### WORK ORDER:
Leaving the pictures out, transcribe the records below exactly.

### THE DATA:
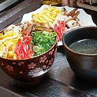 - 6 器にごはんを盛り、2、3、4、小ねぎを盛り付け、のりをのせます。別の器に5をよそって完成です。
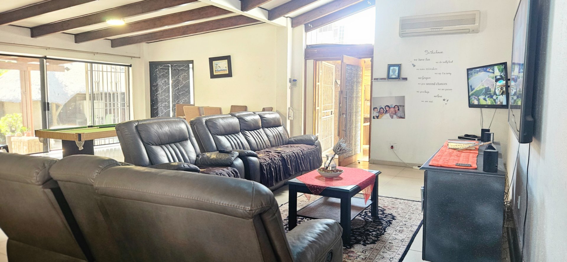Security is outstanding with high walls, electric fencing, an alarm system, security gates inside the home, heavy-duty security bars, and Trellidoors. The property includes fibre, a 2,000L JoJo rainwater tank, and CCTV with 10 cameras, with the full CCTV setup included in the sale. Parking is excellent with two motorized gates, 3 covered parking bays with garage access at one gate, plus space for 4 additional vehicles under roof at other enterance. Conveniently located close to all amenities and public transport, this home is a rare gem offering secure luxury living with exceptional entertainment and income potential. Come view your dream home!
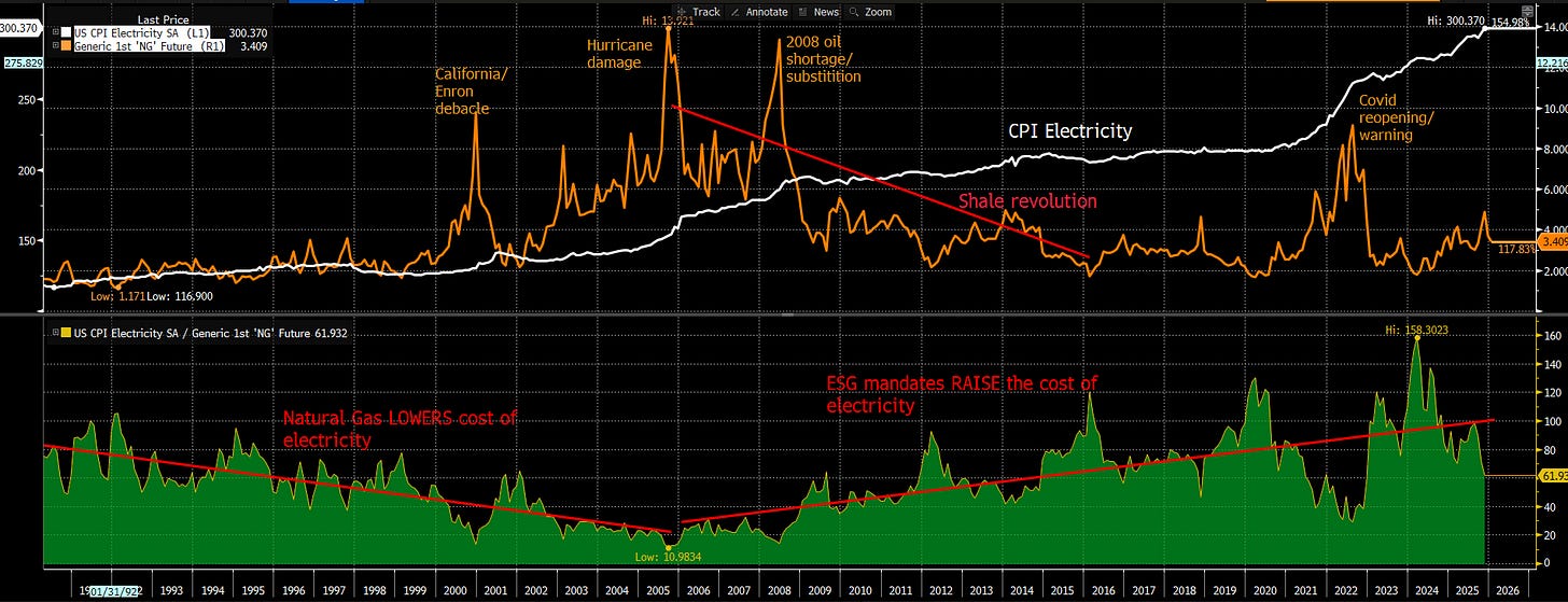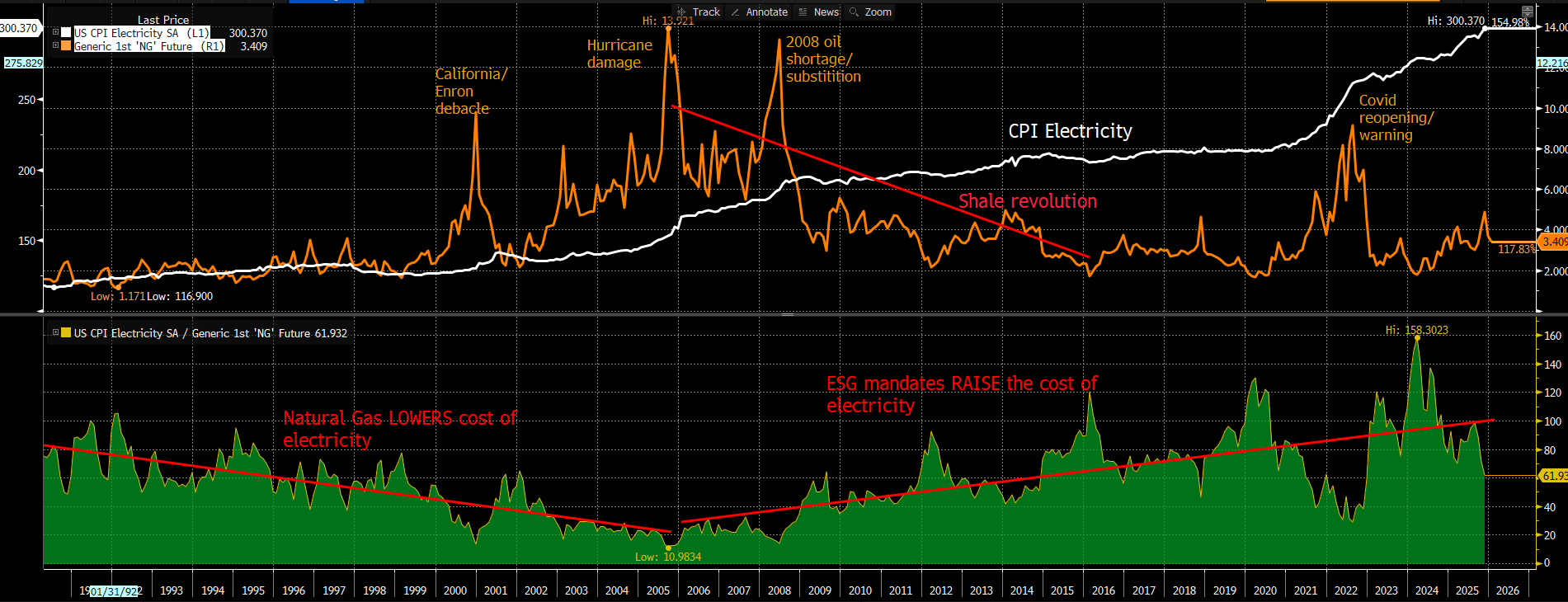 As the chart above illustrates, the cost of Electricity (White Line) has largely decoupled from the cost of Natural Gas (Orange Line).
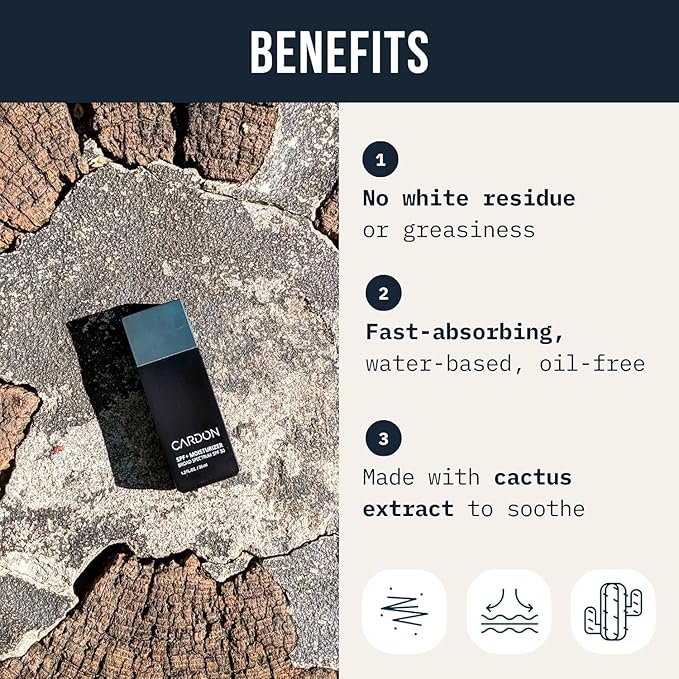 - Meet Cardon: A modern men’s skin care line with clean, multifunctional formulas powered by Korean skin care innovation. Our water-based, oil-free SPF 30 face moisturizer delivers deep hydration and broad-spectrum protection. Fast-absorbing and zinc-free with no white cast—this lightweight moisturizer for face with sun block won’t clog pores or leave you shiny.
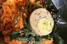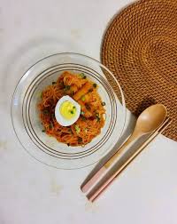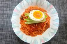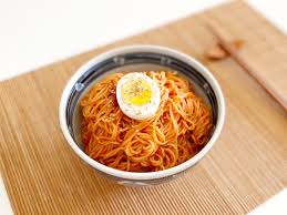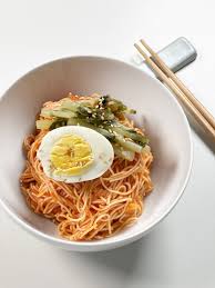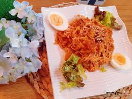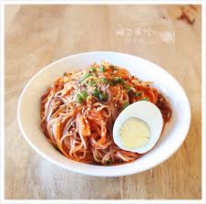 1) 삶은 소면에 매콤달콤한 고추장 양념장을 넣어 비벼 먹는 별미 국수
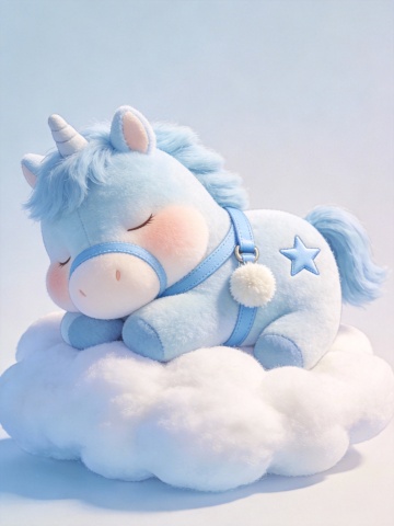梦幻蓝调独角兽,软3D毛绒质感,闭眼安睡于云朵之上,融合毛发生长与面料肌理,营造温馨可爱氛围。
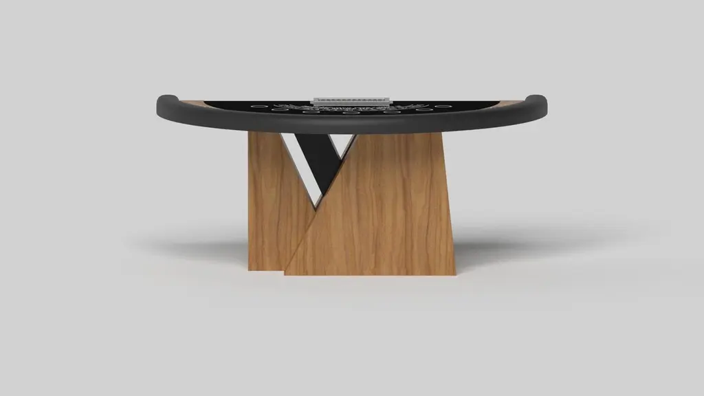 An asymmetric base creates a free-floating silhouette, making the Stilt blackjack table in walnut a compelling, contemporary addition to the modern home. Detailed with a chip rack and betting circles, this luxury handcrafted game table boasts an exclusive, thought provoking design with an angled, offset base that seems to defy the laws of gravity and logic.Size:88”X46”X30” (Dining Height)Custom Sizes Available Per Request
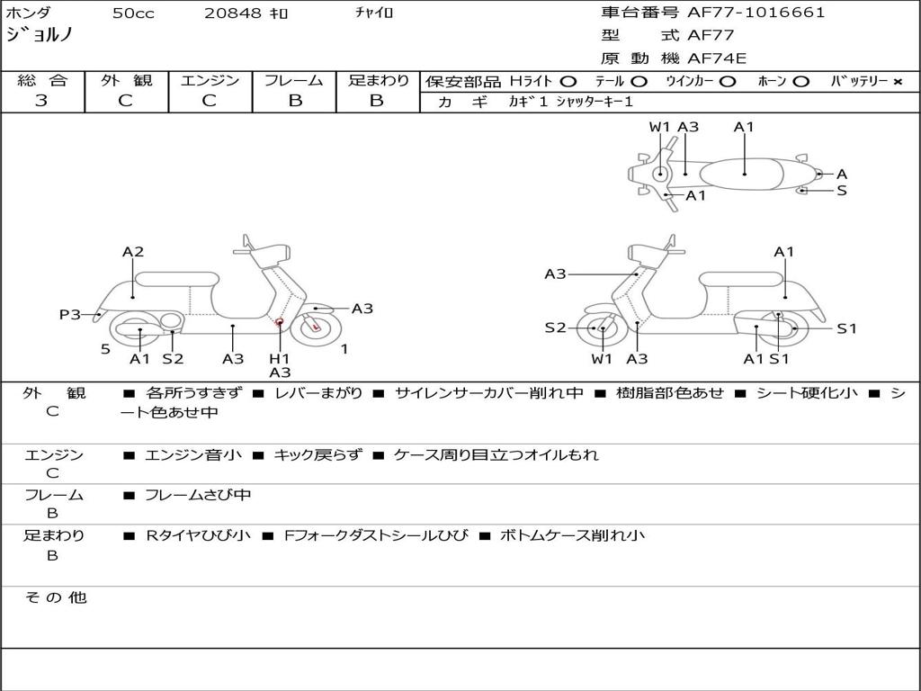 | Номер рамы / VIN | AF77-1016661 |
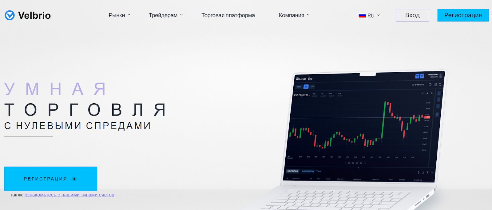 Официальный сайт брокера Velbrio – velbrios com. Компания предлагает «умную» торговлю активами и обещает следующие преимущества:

### RESULT:
 - 6 器にごはんを盛り、2、3、4、小ねぎを盛り付け、のりをのせます。別の器に5をよそって完成です。
Security is outstanding with high walls, electric fencing, an alarm system, security gates inside the home, heavy-duty security bars, and Trellidoors. The property includes fibre, a 2,000L JoJo rainwater tank, and CCTV with 10 cameras, with the full CCTV setup included in the sale. Parking is excellent with two motorized gates, 3 covered parking bays with garage access at one gate, plus space for 4 additional vehicles under roof at other enterance. Conveniently located close to all amenities and public transport, this home is a rare gem offering secure luxury living with exceptional entertainment and income potential. Come view your dream home!
 As the chart above illustrates, the cost of Electricity (White Line) has largely decoupled from the cost of Natural Gas (Orange Line).
 - Meet Cardon: A modern men’s skin care line with clean, multifunctional formulas powered by Korean skin care innovation. Our water-based, oil-free SPF 30 face moisturizer delivers deep hydration and broad-spectrum protection. Fast-absorbing and zinc-free with no white cast—this lightweight moisturizer for face with sun block won’t clog pores or leave you shiny.
 1) 삶은 소면에 매콤달콤한 고추장 양념장을 넣어 비벼 먹는 별미 국수
梦幻蓝调独角兽,软3D毛绒质感,闭眼安睡于云朵之上,融合毛发生长与面料肌理,营造温馨可爱氛围。
 An asymmetric base creates a free-floating silhouette, making the Stilt blackjack table in walnut a compelling, contemporary addition to the modern home. Detailed with a chip rack and betting circles, this luxury handcrafted game table boasts an exclusive, thought provoking design with an angled, offset base that seems to defy the laws of gravity and logic.Size:88”X46”X30” (Dining Height)Custom Sizes Available Per Request
 | Номер рамы / VIN | AF77-1016661 |
 Официальный сайт брокера Velbrio – velbrios com. Компания предлагает «умную» торговлю активами и обещает следующие преимущества:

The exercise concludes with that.